Gokin implements a three-level memory system and intelligent context management.
Memory Types#
| Type | Scope | Lifetime | Description |
|---|---|---|---|
| Session | Current session | Until session ends | Temporary notes |
| Project | Current project | Persistent | Project knowledge |
| Global | All projects | Persistent | General preferences |
Entry Structure#
Entry {
ID string // SHA256: "mem_" + hash[:8]
Key string // Optional key for lookup
Content string // Memory content
Type MemoryType // session, project, global
Tags []string // Auto-extracted tags
Timestamp time.Time
Project string // Project identifier (path hash)
}Auto-Tagging#
Tags are automatically extracted from content:
- File paths:
/[a-zA-Z0-9_.\-/]+ - Function names:
function [a-zA-Z_][a-zA-Z0-9_]* - Package names:
package [a-zA-Z_][a-zA-Z0-9_]*
Memory Tools#
| Tool | Description |
|---|---|
| memory | CRUD: add, get, search, list, remove |
| memorize | Typed storage: fact, preference, convention, pattern |
| pin_context | Pin text to system prompt for the session |
| history_search | Regex search through session history |
Auto-Inject#
When memory.auto_inject: true, relevant memories are automatically added to the system prompt based on conversation context.
Storage#
- Persistent storage in JSON files
- Debounced writes (coalescing frequent saves)
- Separated by project (path hash)
- Entry limit (default: 1000)
- Key replacement (same key overwrites)
Context Management#
Token Counting#
Token counting with caching and fallback estimation:
- LRU cache: 1000 entries
- API counting: via provider client API
- Fallback: character-based estimation (~4 chars = 1 token)

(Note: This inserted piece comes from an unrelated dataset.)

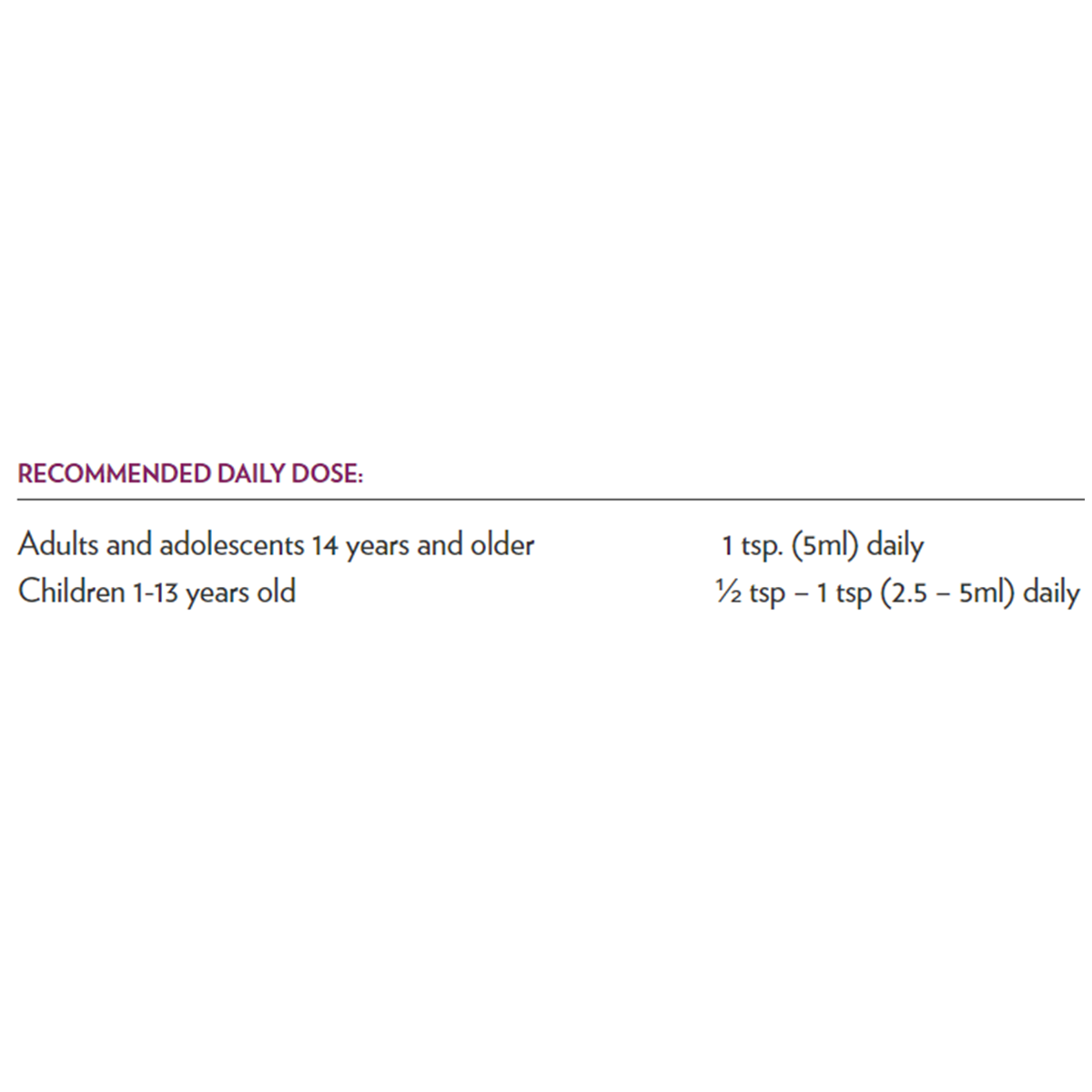 Children 1-13 years old 1 tsp. (5ml) daily ½ tsp - 1 tsp (2.5 - 5ml) daily

- Async: semaphore for 3 parallel requests
Token Limits by Model#
| Model | Input | Output |
|---|---|---|
| gemini-3-flash | 1M | 65K |
| gemini-3-pro | 1M | 65K |
| gemini-2.5-flash | 1M | 8K |
| gemini-2.5-pro | 1M | 8K |
| gemini-2.0-flash | 1M | 8K |
| glm-4.7 | 128K | 131K |
Context Warnings#
TokenUsage {
InputTokens int
MaxTokens int
PercentUsed float64
NearLimit bool // > warning_threshold (80%)
ExceedsLimit bool // > max
IsEstimate bool // API call failed
}Auto-Summarization#
When context reaches warning_threshold (80%), automatic summarization triggers.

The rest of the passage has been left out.